Monday 31 December 2012

Adding GC logs to hadoop child processes and analyzing the GC logs

Add the following to the mapred-site.xml file:

mapred.child.java.opts Java opts for the task tracker child processes. The following symbol, if present, will be interpolated: @taskid@ is replaced by current TaskID. Any other occurrences of '@' will go unchanged.

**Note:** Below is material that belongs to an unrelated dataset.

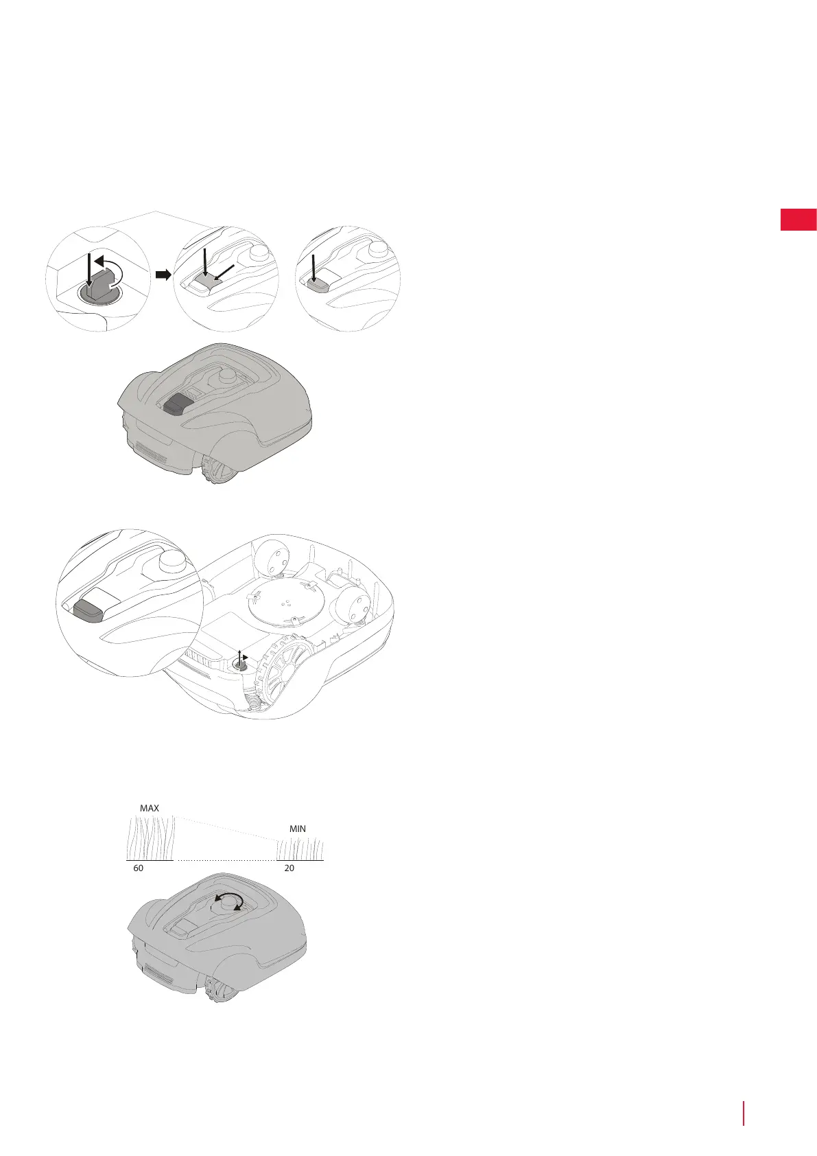 Girare in senso antiorario per diminuire l’altezza di taglio.

For example, to enable verbose gc logging to a file named for the taskid in /tmp and to set the heap maximum to be a gigabyte, pass a 'value' of: -Xmx1024m -verbose:gc -Xloggc:/tmp/@taskid@.gc.

Additional options: -XX:+PrintGCDetails -XX:+PrintGCTimeStamps -XX:+PrintHeapAtGC

Reference: http://hadoop.apache.org/docs/r1.0.0/mapred-default.html


Analyzing GC logs:
-------------------------

Meaning of the [GC [PSYoungGen: 230400K->19135K(268800K)] line is:

  • Around 256MB (268800K) is the Young Generation Size, 
  • Before Garbage Collection in young generation the heap utilization in Young Generation area was around 255MB (230400K) and 
  • After garbage collection it reduced up to 18MB (19135K).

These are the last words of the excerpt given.